#### What needs to be done:
Output each line of the data below exactly, omitting any image.

#### Available data:
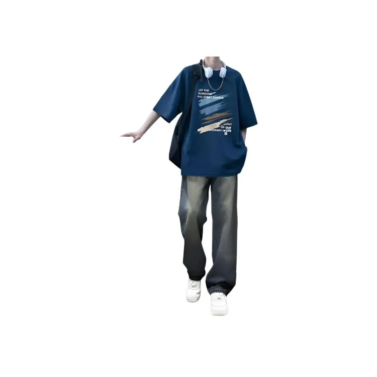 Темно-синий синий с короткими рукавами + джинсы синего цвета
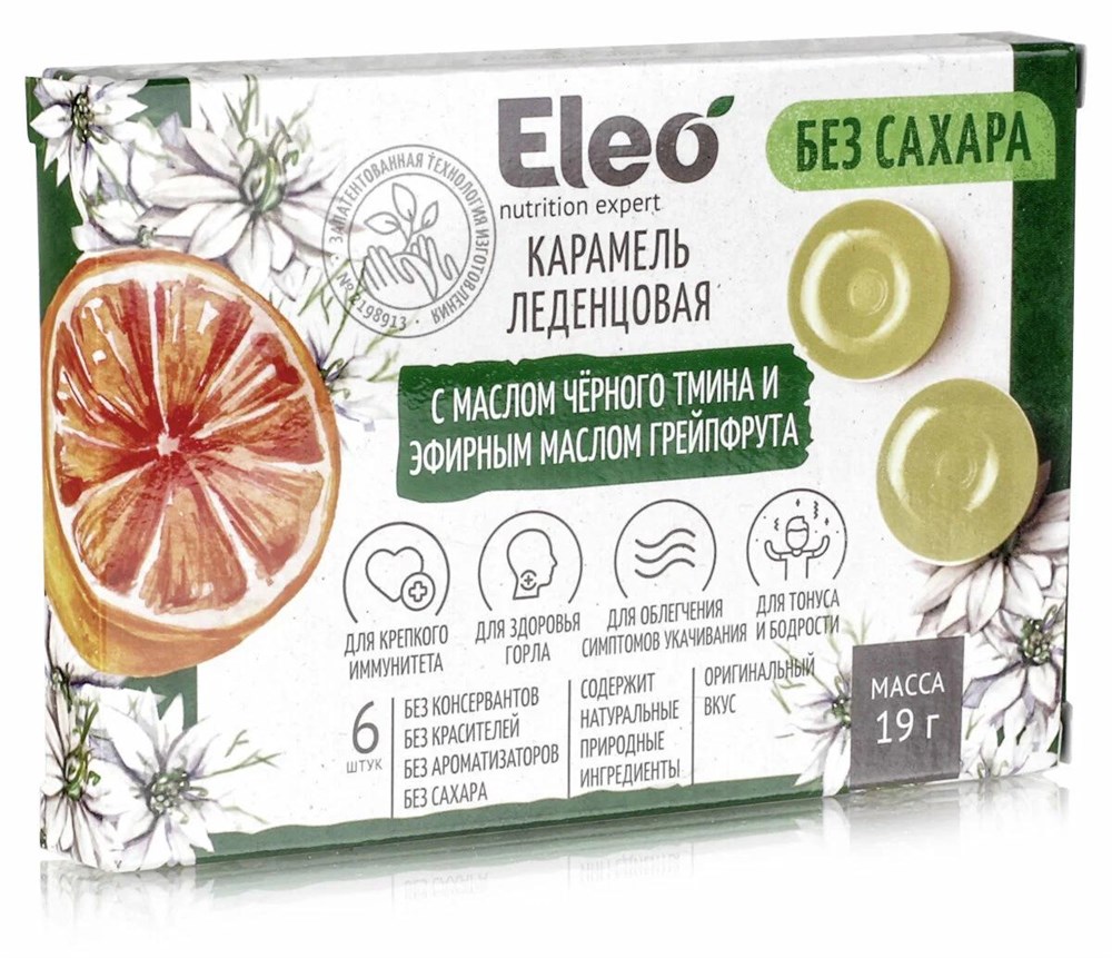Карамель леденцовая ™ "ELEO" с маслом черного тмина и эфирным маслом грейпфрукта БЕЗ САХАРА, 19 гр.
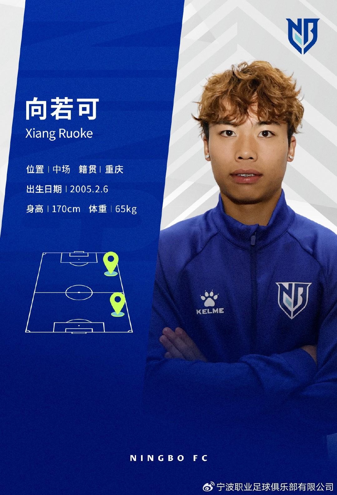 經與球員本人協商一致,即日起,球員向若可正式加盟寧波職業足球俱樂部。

#### Solution to this exercise:
 Темно-синий синий с короткими рукавами + джинсы синего цвета
Карамель леденцовая ™ "ELEO" с маслом черного тмина и эфирным маслом грейпфрукта БЕЗ САХАРА, 19 гр.
 經與球員本人協商一致,即日起,球員向若可正式加盟寧波職業足球俱樂部。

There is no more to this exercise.